→ **PROBLEM DESCRIPTION**
Every word in the data below belongs in your copy, exactly as given; the pictures do not.

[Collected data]
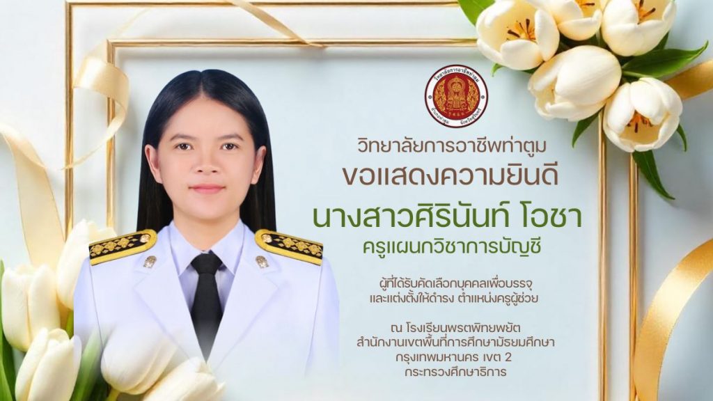 เนื่องในโอกาสได้รับการคัดเลือกให้บรรจุและแต่งตั้งให้ดำรงตำแหน่ง ครูผู้ช่วย ณ โรงเรียนพรตพิทยพยัต สำนักงานเขตพื้นที่การศึกษามัธยมศึกษากรุงเทพมหานคร เขต 2 กระทรวงศึกษาธิการ
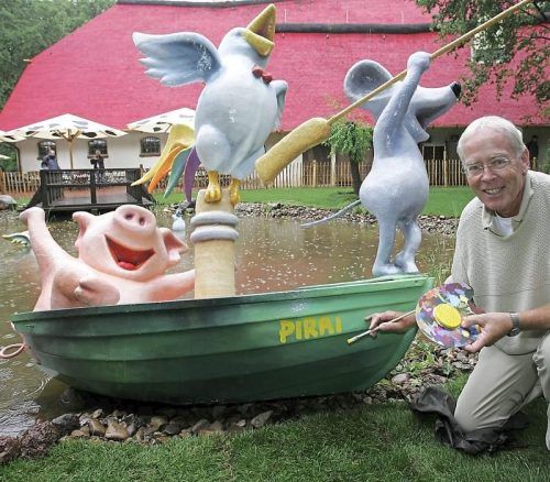Bilderbuch-Künstler Helme Heine mit seinen „Drei Freunden“, die ihn weltberühmt machten. © Peter Steffen/dpa
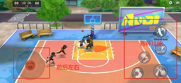 进入游戏后,右下方有盯人、投篮、加速、抢断等,会根据拿没拿球有变化,复杂也简单,这个自己打几把摸索下就会了。
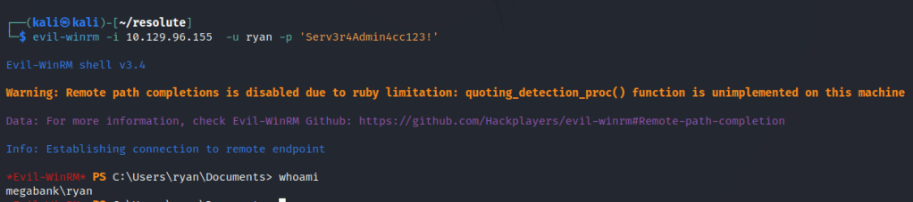 A PowerShell transcript is found and the user Ryan and password can be seen in the text file.
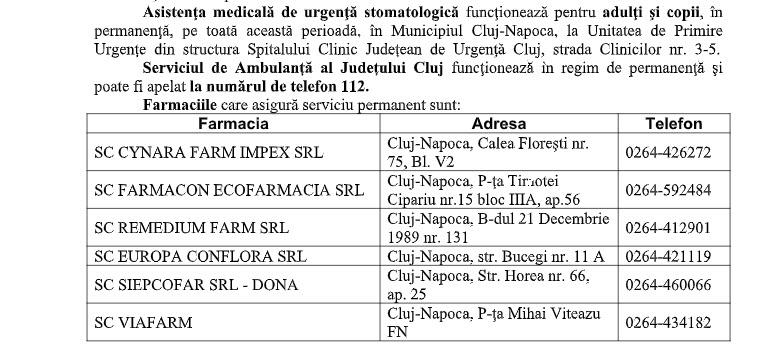 În Municipiul Cluj-Napoca, pentru populaţia adultă urgenţele medico-chirurgicale se vor adresa Unităţii de Primire Urgenţe din structura Spitalului Clinic Judeţean de Urgenţă Cluj, strada Clinicilor nr. 3-5, iar pentru copii la Unitatea de Primire Urgenţe din structura Spitalului Clinic de Urgenţă pentru Copii Cluj-Napoca, strada Moţilor nr. 68.
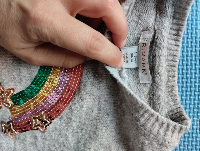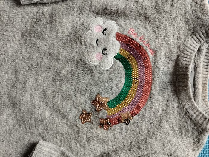 Robe pull, motif arc en ciel en sequins. Primark. Taille 2-3 ans, 98 cm. Très bon état.
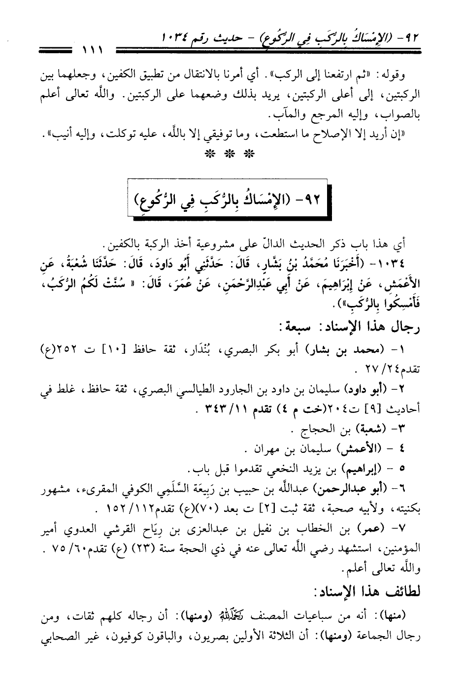 1034 - (أَخْبَرَنَا مُحَمَّدُ بْنُ بَشَّارٍ، قَالَ: حَدَّثَنِي أَبُو دَاوُدَ، قَالَ: حَدَّثَنَا شُعْبَةُ، عَنِ الأَعْمَشِ، عَنْ إِبْرَاهِيمَ، عَنْ أَبِي عَبْدِ الرَّحْمَنِ، عَنْ عُمَرَ، قَالَ: "سُنَّتْ لَكُمُ الرُّكَبُ، فَأَمْسِكُوا بِالرُّكَبِ").
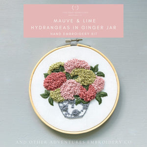 The Mauve & Lime Hydrangeas in Ginger Jar hand embroidery kit includes the following:
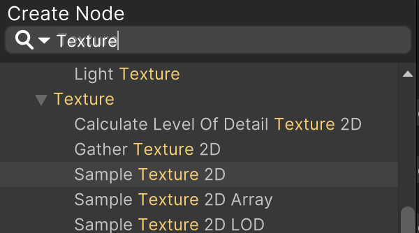 ワークスペースで右クリック → Create Node を選びメニューから Simple Texture 2D を選択する(検索窓が便利)。
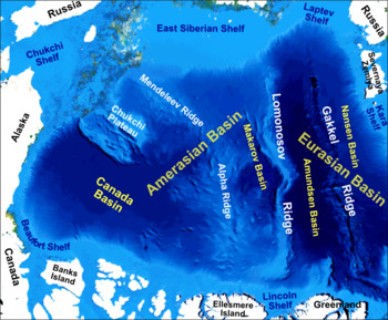 The Eurasia Basin is bounded by Greenland, the Lomonosov Ridge, and the shelves of the Laptev Sea, Kara Sea and Barents Sea. The maximum depth within the Eurasia Basin is reached at the Litke Deep with 5449 m depth.[1]
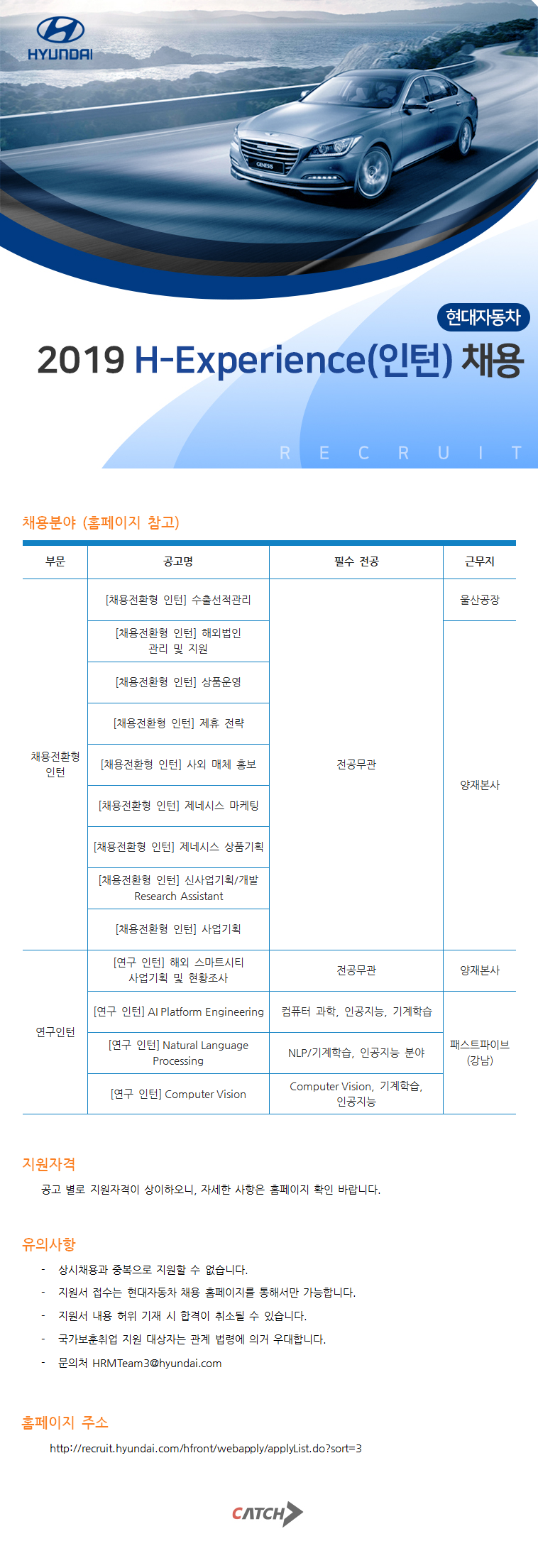 캐치 현대자동차 2019 H Experience 채용 9 22 네이버 포스트
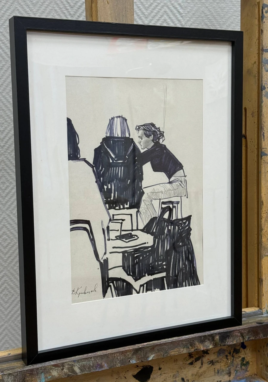 Перед нами графическая зарисовка. Композиция передаёт фрагмент повседневной жизни — сцену с тремя людьми, сидящими за столом. Работа отличается экспрессивной, немного небрежной манерой письма, которая придаёт ей живость и динамику.

→ **RESPONSE BELOW**
 เนื่องในโอกาสได้รับการคัดเลือกให้บรรจุและแต่งตั้งให้ดำรงตำแหน่ง ครูผู้ช่วย ณ โรงเรียนพรตพิทยพยัต สำนักงานเขตพื้นที่การศึกษามัธยมศึกษากรุงเทพมหานคร เขต 2 กระทรวงศึกษาธิการ
Bilderbuch-Künstler Helme Heine mit seinen „Drei Freunden“, die ihn weltberühmt machten. © Peter Steffen/dpa
 进入游戏后,右下方有盯人、投篮、加速、抢断等,会根据拿没拿球有变化,复杂也简单,这个自己打几把摸索下就会了。
 A PowerShell transcript is found and the user Ryan and password can be seen in the text file.
 În Municipiul Cluj-Napoca, pentru populaţia adultă urgenţele medico-chirurgicale se vor adresa Unităţii de Primire Urgenţe din structura Spitalului Clinic Judeţean de Urgenţă Cluj, strada Clinicilor nr. 3-5, iar pentru copii la Unitatea de Primire Urgenţe din structura Spitalului Clinic de Urgenţă pentru Copii Cluj-Napoca, strada Moţilor nr. 68.
 Robe pull, motif arc en ciel en sequins. Primark. Taille 2-3 ans, 98 cm. Très bon état.
 1034 - (أَخْبَرَنَا مُحَمَّدُ بْنُ بَشَّارٍ، قَالَ: حَدَّثَنِي أَبُو دَاوُدَ، قَالَ: حَدَّثَنَا شُعْبَةُ، عَنِ الأَعْمَشِ، عَنْ إِبْرَاهِيمَ، عَنْ أَبِي عَبْدِ الرَّحْمَنِ، عَنْ عُمَرَ، قَالَ: "سُنَّتْ لَكُمُ الرُّكَبُ، فَأَمْسِكُوا بِالرُّكَبِ").
 The Mauve & Lime Hydrangeas in Ginger Jar hand embroidery kit includes the following:
 ワークスペースで右クリック → Create Node を選びメニューから Simple Texture 2D を選択する(検索窓が便利)。
 The Eurasia Basin is bounded by Greenland, the Lomonosov Ridge, and the shelves of the Laptev Sea, Kara Sea and Barents Sea. The maximum depth within the Eurasia Basin is reached at the Litke Deep with 5449 m depth.[1]
 캐치 현대자동차 2019 H Experience 채용 9 22 네이버 포스트
 Перед нами графическая зарисовка. Композиция передаёт фрагмент повседневной жизни — сцену с тремя людьми, сидящими за столом. Работа отличается экспрессивной, немного небрежной манерой письма, которая придаёт ей живость и динамику.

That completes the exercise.